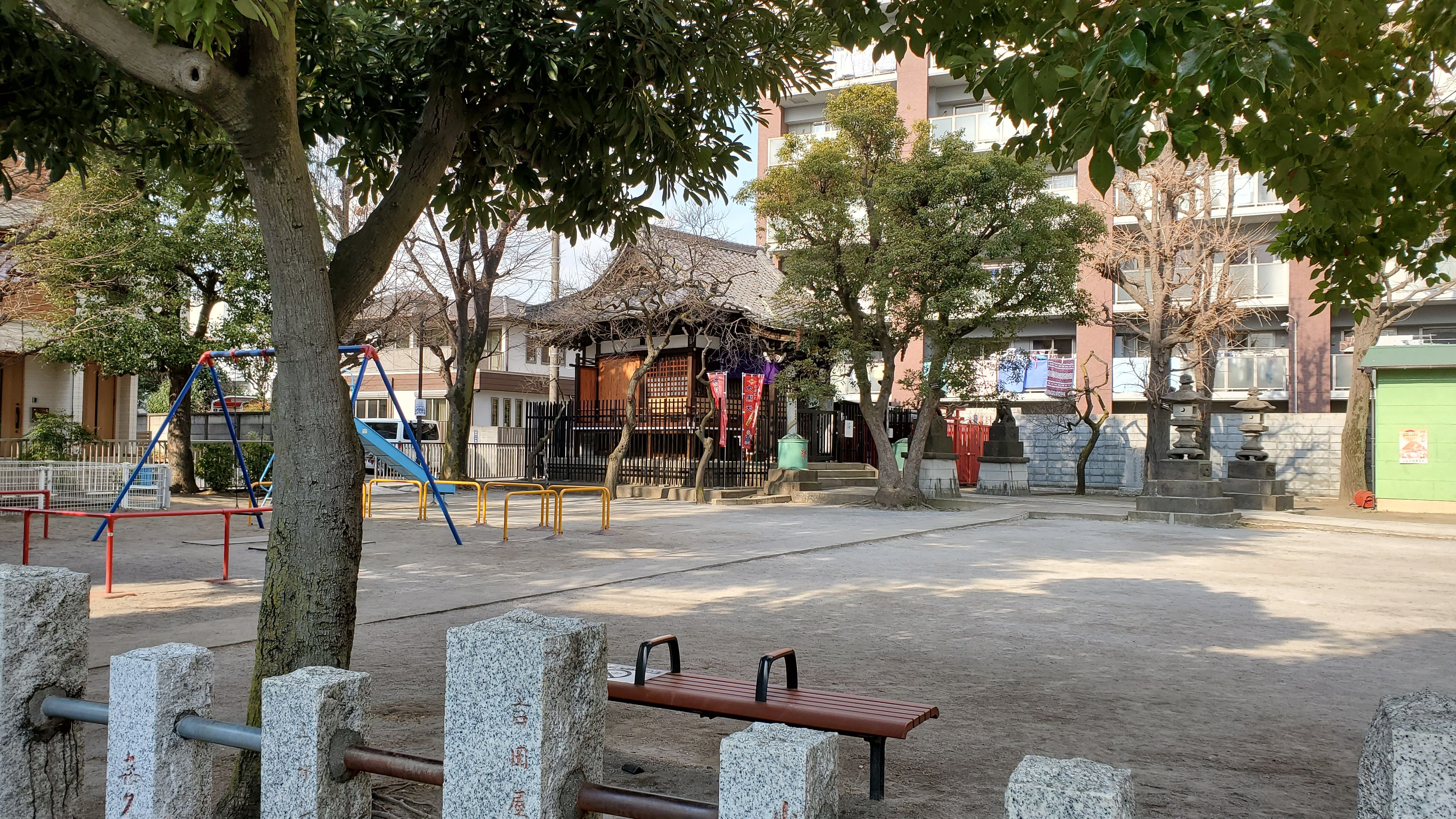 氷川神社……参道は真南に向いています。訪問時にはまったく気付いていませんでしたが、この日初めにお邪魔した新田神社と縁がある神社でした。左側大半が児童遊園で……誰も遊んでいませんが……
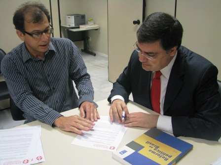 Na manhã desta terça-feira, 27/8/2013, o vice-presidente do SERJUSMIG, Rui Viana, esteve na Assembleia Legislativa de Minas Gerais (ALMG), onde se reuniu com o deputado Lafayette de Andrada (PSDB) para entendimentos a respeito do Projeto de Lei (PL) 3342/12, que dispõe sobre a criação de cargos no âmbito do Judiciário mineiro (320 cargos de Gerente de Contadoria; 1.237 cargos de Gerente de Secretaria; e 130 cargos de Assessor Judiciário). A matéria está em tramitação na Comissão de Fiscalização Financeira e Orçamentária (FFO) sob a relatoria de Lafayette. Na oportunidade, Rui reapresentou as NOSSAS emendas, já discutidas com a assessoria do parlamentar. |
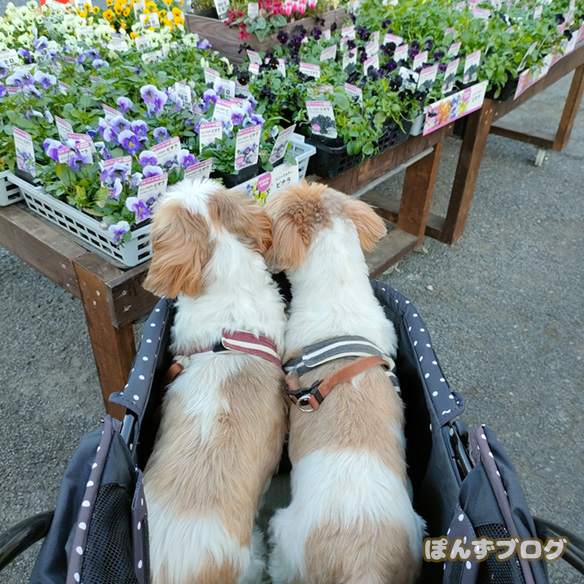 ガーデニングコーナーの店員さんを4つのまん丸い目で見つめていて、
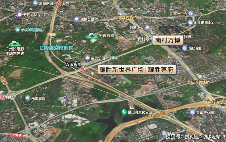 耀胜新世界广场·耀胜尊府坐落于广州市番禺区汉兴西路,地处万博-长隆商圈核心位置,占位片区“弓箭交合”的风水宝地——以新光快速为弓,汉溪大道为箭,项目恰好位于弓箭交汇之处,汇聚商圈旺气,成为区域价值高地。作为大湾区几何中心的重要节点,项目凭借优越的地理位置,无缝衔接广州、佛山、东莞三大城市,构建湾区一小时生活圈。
++++++
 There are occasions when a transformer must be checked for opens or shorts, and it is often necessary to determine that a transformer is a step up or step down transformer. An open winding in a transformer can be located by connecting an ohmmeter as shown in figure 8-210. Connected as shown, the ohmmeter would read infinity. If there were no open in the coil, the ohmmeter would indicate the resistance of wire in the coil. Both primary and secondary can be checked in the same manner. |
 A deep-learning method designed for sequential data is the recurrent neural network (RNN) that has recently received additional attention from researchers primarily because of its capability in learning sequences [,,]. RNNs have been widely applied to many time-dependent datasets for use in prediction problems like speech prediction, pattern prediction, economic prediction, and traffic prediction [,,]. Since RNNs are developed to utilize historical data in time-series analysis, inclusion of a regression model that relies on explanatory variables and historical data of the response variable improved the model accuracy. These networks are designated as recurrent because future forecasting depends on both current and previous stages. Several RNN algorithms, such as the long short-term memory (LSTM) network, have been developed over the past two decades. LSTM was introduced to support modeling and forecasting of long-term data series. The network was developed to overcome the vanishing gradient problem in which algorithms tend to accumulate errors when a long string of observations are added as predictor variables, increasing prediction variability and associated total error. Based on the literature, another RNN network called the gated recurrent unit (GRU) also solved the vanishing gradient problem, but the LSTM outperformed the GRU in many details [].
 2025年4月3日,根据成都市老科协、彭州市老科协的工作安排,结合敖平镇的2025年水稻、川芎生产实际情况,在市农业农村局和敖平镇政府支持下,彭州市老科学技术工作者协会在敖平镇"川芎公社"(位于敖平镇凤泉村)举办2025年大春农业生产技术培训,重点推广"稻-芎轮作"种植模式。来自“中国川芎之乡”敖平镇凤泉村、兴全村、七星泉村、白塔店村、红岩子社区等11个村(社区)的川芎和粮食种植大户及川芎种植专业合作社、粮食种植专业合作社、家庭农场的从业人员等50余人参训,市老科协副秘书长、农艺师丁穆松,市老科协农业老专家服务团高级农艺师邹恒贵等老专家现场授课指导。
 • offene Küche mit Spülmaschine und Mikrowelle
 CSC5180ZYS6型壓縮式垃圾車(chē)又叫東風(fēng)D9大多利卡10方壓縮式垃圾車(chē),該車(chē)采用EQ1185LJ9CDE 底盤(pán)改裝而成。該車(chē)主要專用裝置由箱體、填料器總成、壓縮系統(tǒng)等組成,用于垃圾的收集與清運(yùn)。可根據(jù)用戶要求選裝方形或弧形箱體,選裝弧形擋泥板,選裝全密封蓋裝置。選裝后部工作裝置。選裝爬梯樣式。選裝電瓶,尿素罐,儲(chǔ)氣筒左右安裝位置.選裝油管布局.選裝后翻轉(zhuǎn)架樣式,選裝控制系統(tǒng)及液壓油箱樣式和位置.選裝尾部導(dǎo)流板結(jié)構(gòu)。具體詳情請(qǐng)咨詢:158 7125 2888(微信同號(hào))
++++++
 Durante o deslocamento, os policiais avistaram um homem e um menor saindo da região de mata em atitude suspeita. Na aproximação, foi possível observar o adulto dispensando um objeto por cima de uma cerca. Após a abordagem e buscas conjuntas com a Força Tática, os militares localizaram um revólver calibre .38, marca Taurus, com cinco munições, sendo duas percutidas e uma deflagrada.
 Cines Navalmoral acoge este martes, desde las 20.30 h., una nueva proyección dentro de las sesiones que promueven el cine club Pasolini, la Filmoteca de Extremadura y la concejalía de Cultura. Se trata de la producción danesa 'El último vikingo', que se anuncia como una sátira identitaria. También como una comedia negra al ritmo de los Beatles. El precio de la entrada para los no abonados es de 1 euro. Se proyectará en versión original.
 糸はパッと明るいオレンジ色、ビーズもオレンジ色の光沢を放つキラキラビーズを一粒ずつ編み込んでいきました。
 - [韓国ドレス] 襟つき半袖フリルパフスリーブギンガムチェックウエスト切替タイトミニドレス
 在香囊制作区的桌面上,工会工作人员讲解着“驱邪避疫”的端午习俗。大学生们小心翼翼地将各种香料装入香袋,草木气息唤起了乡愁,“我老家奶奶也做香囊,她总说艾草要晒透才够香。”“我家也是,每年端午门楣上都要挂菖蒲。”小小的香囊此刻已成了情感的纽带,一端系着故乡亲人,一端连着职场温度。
++++++
EXERCISE REQUIREMENTS: Word for word, write out the lines above running from the one with "ガーデニングコーナーの店員さんを4つのまん丸い目で見つめていて、" up to and including the one with "耀胜新世界广场·耀胜尊府坐落". Drop any picture.

ANSWER TO THIS PROBLEM:
 ガーデニングコーナーの店員さんを4つのまん丸い目で見つめていて、
 耀胜新世界广场·耀胜尊府坐落于广州市番禺区汉兴西路,地处万博-长隆商圈核心位置,占位片区“弓箭交合”的风水宝地——以新光快速为弓,汉溪大道为箭,项目恰好位于弓箭交汇之处,汇聚商圈旺气,成为区域价值高地。作为大湾区几何中心的重要节点,项目凭借优越的地理位置,无缝衔接广州、佛山、东莞三大城市,构建湾区一小时生活圈。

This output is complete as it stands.